START EXTRACTED RECORDS
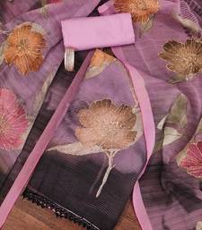 Pink color printed heavy organza straight churidar dress material semi stitched
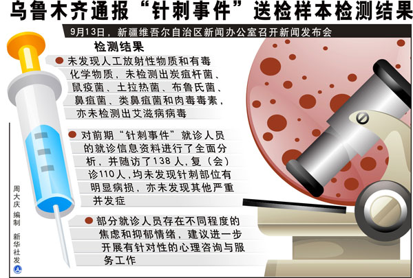 图表:乌鲁木齐通报“针刺事件”送检样本检测结果 新华社发
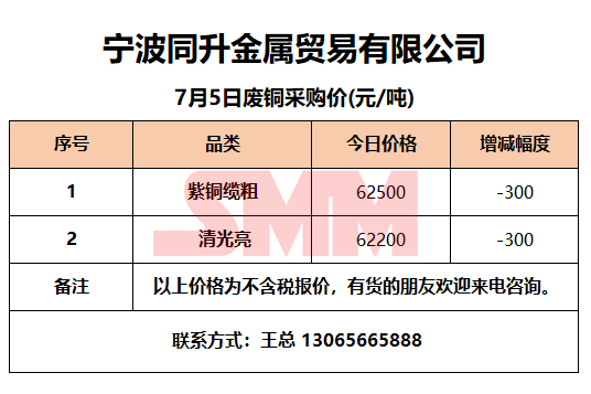 今日宁波同升金属,废铜采购报价已更新,有货的朋友欢迎联系我们!
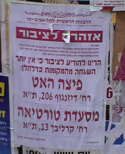 והנה - כיום הפיצריה פתוחה במוצ"ש וראה זה פלא היא מלאה בלקוחות ויהוה שבשמיים מתעלם מודעות החרם הנזעמות של הרבנות.
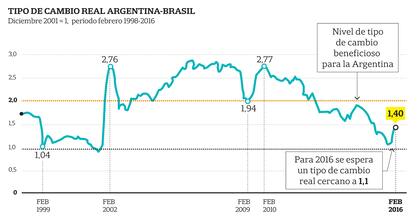 Una de cada cinco exportaciones de la Argentina va a Brasil, con una economía tres veces mayor y un mercado protegido respecto de las importaciones de fuera de América del Sur. Y los envíos a ese país cayeron un 27% en 2015.
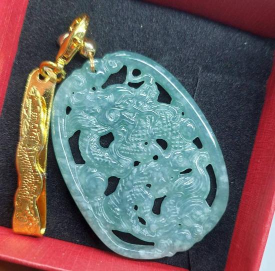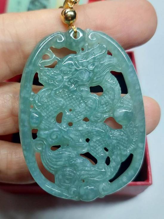 จี้มังกรหยก (มังกรนำโชค) วัดมังกรกมลาวาส (เล่งเน่ยยี) เนื้อหยกสีโอเชี่ยนบลู สวยๆ |
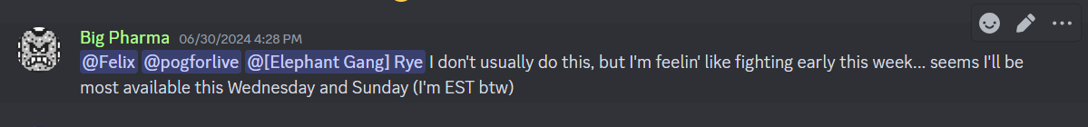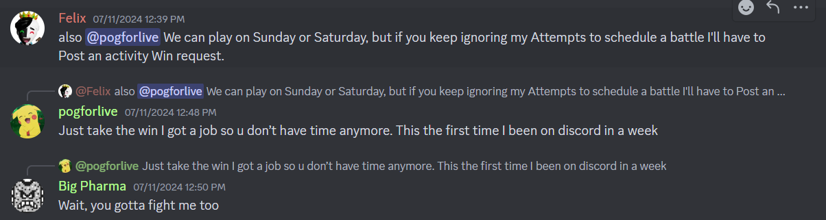 Dude's last message in the server was three days ago, and it was telling someone else in my pool to take the win. I've pinged 'em a few times since then for scheduling or confirmation, but nothing's come of it
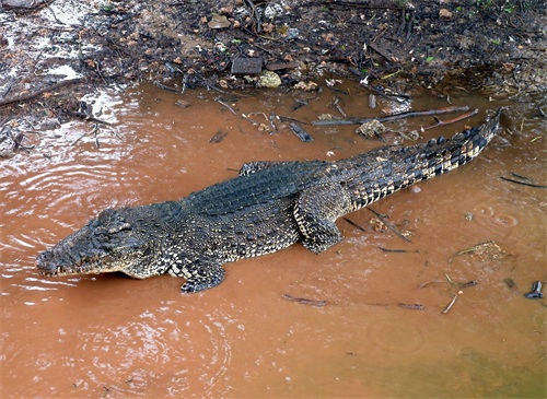 马来鳄又叫马来切喙鳄,身体的平均长度为四米,体重约210公斤,体型在鳄鱼中可能不是很大的,是一种淡水鳄鱼。它有一个特别之处,那就是它的鼻子看上去又细又长,但这并不是用来装饰它们外表的,而是专门为他们捕鱼所设计的。他的性情十分凶猛且狡猾,潜伏在泥潭沼泽灵时不时的想增加菜单。除了鱼类,他们还会吃喜欢在树上的哺乳动物。比如猕猴,它有非常锋利的牙齿,让所有猎物基本上是无法逃脱,全身上下遍布了棕色和黑色的斑马来鳄,十分凶猛狡猾,甚至有爬上渔船袭击渔民的事件。
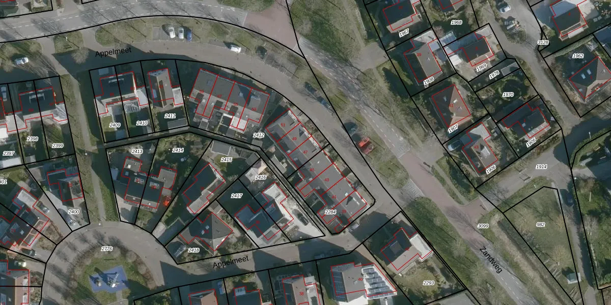 Het perceel waarop Appelmeet 47 staat heeft een oppervlakte van 970 m². Dit is een groot perceel. De perceeloppervlakte wordt geregistreerd door het Kadaster. Gedetailleerde informatie over de maten van dit perceel kunt u vinden in het rapport Kadastrale kaart met maatvoering van Appelmeet 47.
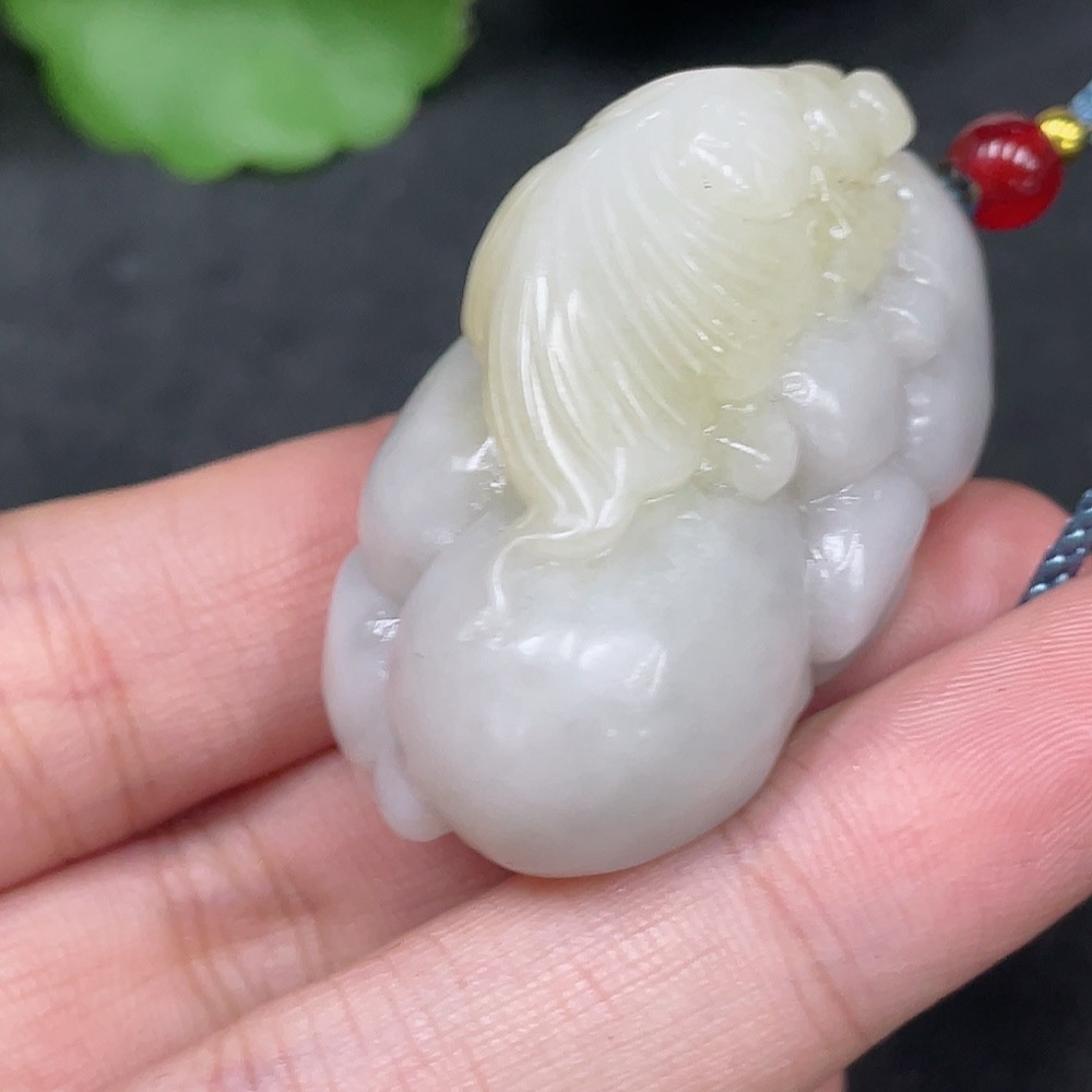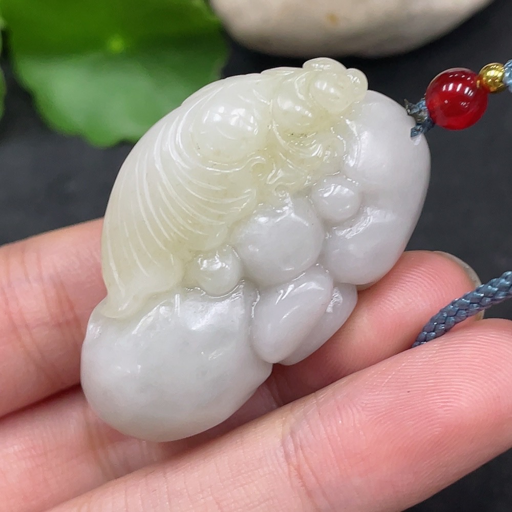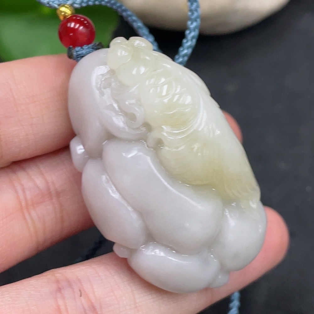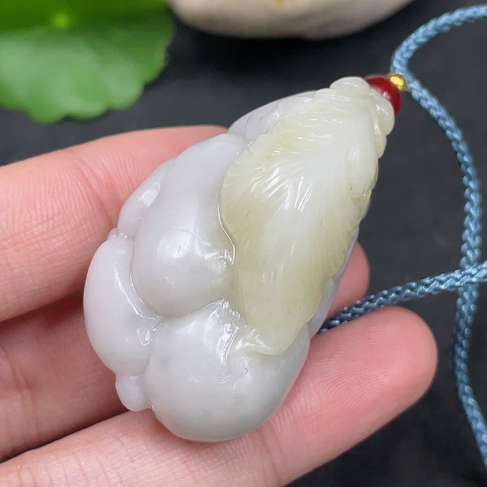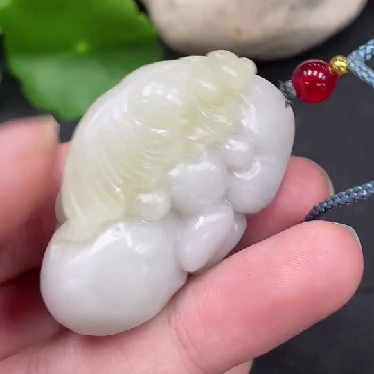 Trezaar - Hetian Jade Pendant - Abundance Every Year with Other Mineral Components, Beads Not Hetian Jade, Total Weight Approximately (Including Rope) 38g
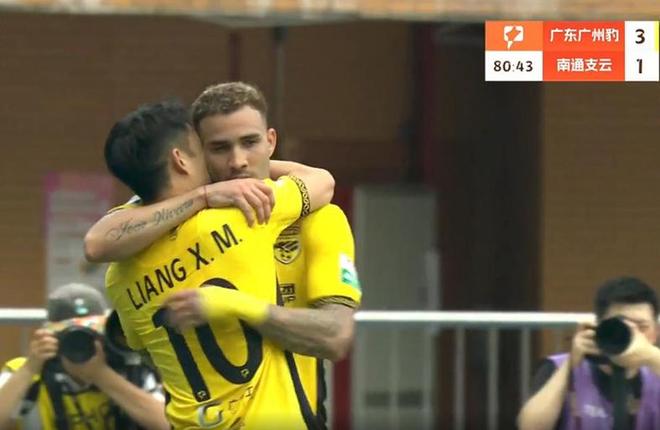 第81分钟,邓彪送出关键助攻,若昂-卡洛斯单刀推射远角得手,广州豹3-1锁定胜局!
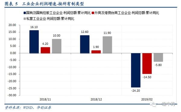 下游消费品制造业和受益于基建补短板、地产施工回升行业利润边际改善。按构成来看,1-2月电热燃水利润总额增长0.9%,而制造业利润同比下降15.7%,大于采矿业的-12.6%。制造业分行业来看,上游原材料加工业是主要拖累,除了非金属矿物制品业利润同比实现正增长外,石油、化工、黑色和有色金属利润同比分别下降70.4%、27.2%、59%和34.5%;中游装备制造业中,与出口相关度较高的电子设备利润同比下降21.6%,而交运设备和电气机械设备利润增速则分别增长83.7%和10.9%;汽车行业利润同比下降42%,扣除汽车以外的消费品制造业利润整体回升,其中食品制造业、烟草和酒、茶和饮料制造业利润改善明显,分别增长11.2%、18.2%和23.3%。装备制造业中交运设备和电气机械设备利润增速改善,或受益于基建补短板带来的行业景气度改善,同时电气机械行业利润增速历史上与地产施工保持一致,关注地产施工和竣工回升对相关行业需求的边际拉动;下游消费品制造业利润的改善或受益于CPI-PPI收敛带来的上游对中下游利润挤压的显著改善。所有制类型来看,1-2月利润降幅呈现国企>外资>私企的格局,与中下游利润好于上游保持一致。
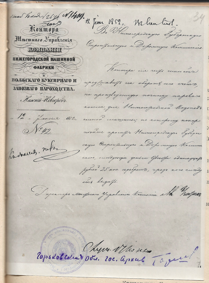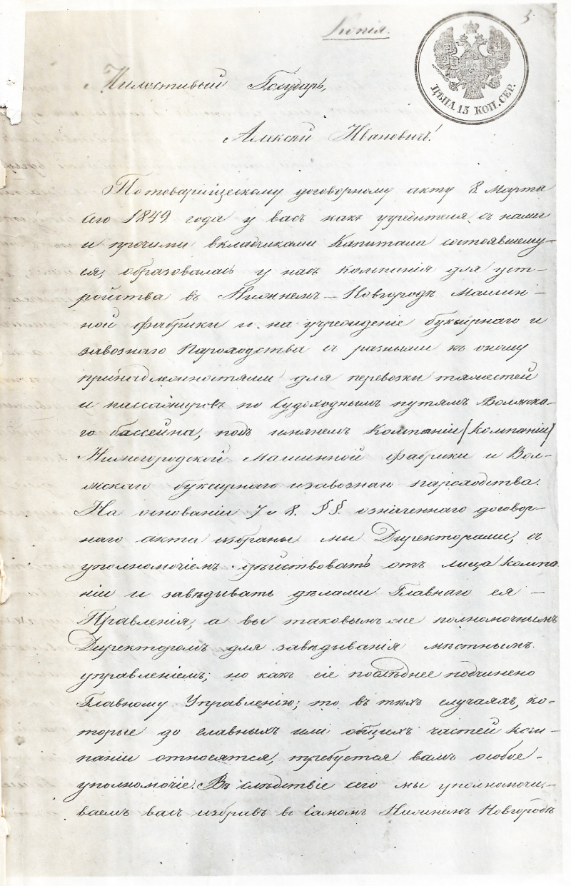Не поименованные в заметке предприниматели — это учредители компании Нижегородской машинной фабрики и Волжского буксирного и завозного пароходства, которая возникла в Петербурге 8 марта 1849 года. А именно: тайный советник князь Лев Викторович Кочубей, полковник князь Владимир Александрович Меньшиков, отставной гвардии поручик Дмитрий Егорович Бенардаки. Компаньоны решили построить в окрестностях Нижнего Новгорода судостроительное предприятие.
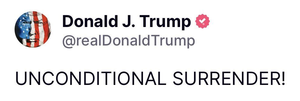 O Τραμπ τουίταρε στο Χ “άνευ όρων παράδοση” εννοώντας το Ιράν αλλά τελικά γλώσσα λανθάνουσα λέει την αλήθεια αναφορικά με την δικιά του άνευ όρων παράδοση στο σιωνισμό.
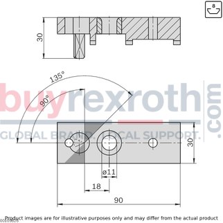 The Bosch Rexroth DRILL JIG N8 D11 (3842516729) is a specialized tool designed for creating precise fastening holes with a diameter of 11mm in miter cut profiles. This drilling jig is particularly crafted to work with groove 8 profiles, ensuring compatibility and ease of use for those specific applications. The tool's primary function is to facilitate the drilling process for the installation of bendable quick connectors, which are essential components in various construction and assembly tasks.
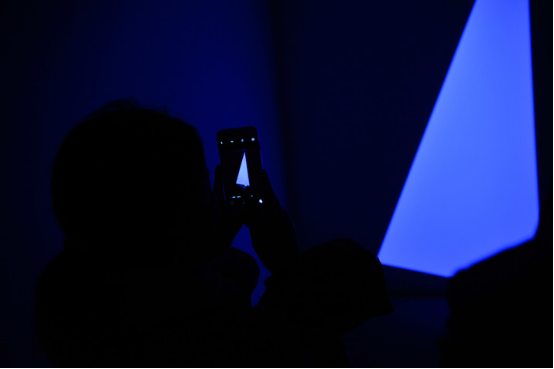 詹姆斯·特瑞尔所创作出一系列艺术投影作品,意在探寻外形与颜色之间的关系。展览上我们能够看到他的第一个光投影作品《Afum》:一个立方体投影悬浮在角落之上。这件作品集中展示了他对于艺术史中的至上主义的特殊兴趣,同时加入其对心理学和现象学的相关研究。他的此类相关作品被洛杉矶郡立美术馆和所罗门古根海姆博物馆永久收藏。
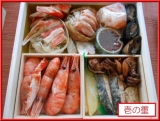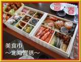 ズワイガニ、タラバガニ、そして美食市ではおなじみの毛ガニ。 この三大ガニが勢ぞろい。 カニ好きにはたまらない贅沢なカニ尽くしのおせちです。
END EXTRACTED RECORDS
## WHAT TO PRODUCE
The response must match the data line for line, from its first line through the line with "马来鳄又叫马来切喙鳄,身体的", inclusive, and must leave out the pictures.

## RESPONSE TO THIS TASK
 Pink color printed heavy organza straight churidar dress material semi stitched
 图表:乌鲁木齐通报“针刺事件”送检样本检测结果 新华社发
 今日宁波同升金属,废铜采购报价已更新,有货的朋友欢迎联系我们!
 והנה - כיום הפיצריה פתוחה במוצ"ש וראה זה פלא היא מלאה בלקוחות ויהוה שבשמיים מתעלם מודעות החרם הנזעמות של הרבנות.
 Una de cada cinco exportaciones de la Argentina va a Brasil, con una economía tres veces mayor y un mercado protegido respecto de las importaciones de fuera de América del Sur. Y los envíos a ese país cayeron un 27% en 2015.
 จี้มังกรหยก (มังกรนำโชค) วัดมังกรกมลาวาส (เล่งเน่ยยี) เนื้อหยกสีโอเชี่ยนบลู สวยๆ |
 Dude's last message in the server was three days ago, and it was telling someone else in my pool to take the win. I've pinged 'em a few times since then for scheduling or confirmation, but nothing's come of it
 马来鳄又叫马来切喙鳄,身体的平均长度为四米,体重约210公斤,体型在鳄鱼中可能不是很大的,是一种淡水鳄鱼。它有一个特别之处,那就是它的鼻子看上去又细又长,但这并不是用来装饰它们外表的,而是专门为他们捕鱼所设计的。他的性情十分凶猛且狡猾,潜伏在泥潭沼泽灵时不时的想增加菜单。除了鱼类,他们还会吃喜欢在树上的哺乳动物。比如猕猴,它有非常锋利的牙齿,让所有猎物基本上是无法逃脱,全身上下遍布了棕色和黑色的斑马来鳄,十分凶猛狡猾,甚至有爬上渔船袭击渔民的事件。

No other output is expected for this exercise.